◆ Instructions for the task ◆
Where a picture shows up in the listing below, omit it and output the rest exactly.

◆ Given material ◆
________

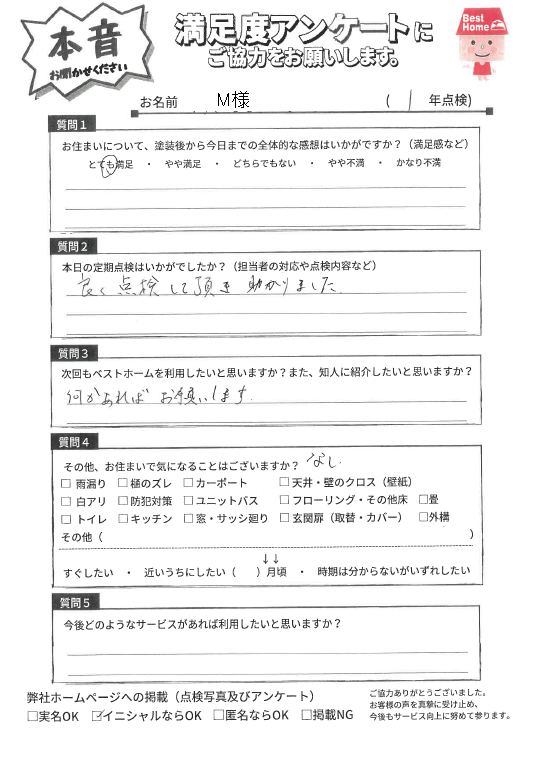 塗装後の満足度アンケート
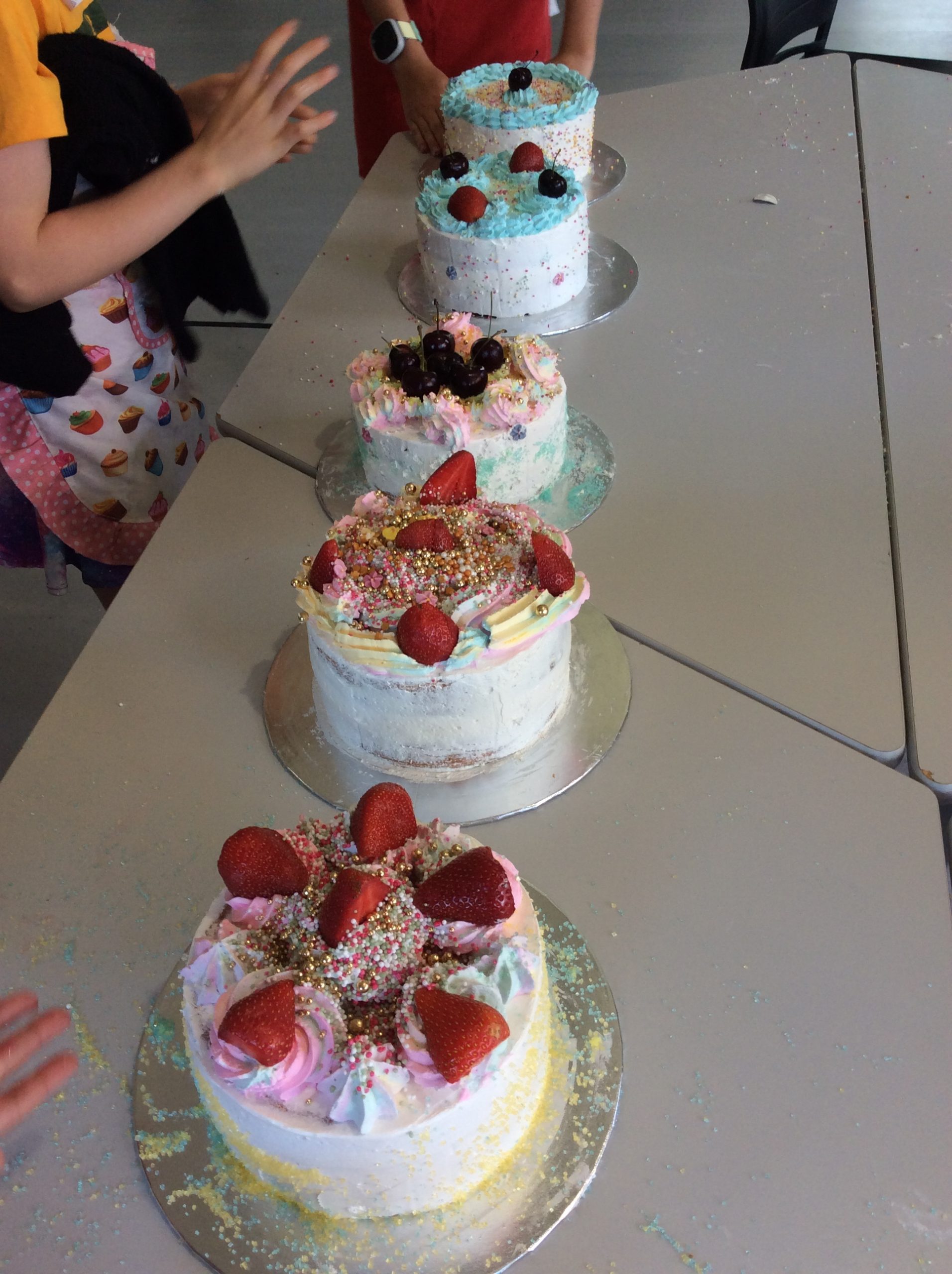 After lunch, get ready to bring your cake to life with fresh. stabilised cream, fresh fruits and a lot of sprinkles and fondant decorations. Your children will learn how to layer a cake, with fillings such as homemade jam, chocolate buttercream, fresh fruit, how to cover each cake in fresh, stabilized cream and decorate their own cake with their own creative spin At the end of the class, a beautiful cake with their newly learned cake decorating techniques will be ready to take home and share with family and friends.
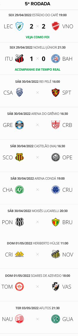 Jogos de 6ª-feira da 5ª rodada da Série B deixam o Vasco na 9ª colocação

________

◆ Completed task ◆
 塗装後の満足度アンケート
 After lunch, get ready to bring your cake to life with fresh. stabilised cream, fresh fruits and a lot of sprinkles and fondant decorations. Your children will learn how to layer a cake, with fillings such as homemade jam, chocolate buttercream, fresh fruit, how to cover each cake in fresh, stabilized cream and decorate their own cake with their own creative spin At the end of the class, a beautiful cake with their newly learned cake decorating techniques will be ready to take home and share with family and friends.
 Jogos de 6ª-feira da 5ª rodada da Série B deixam o Vasco na 9ª colocação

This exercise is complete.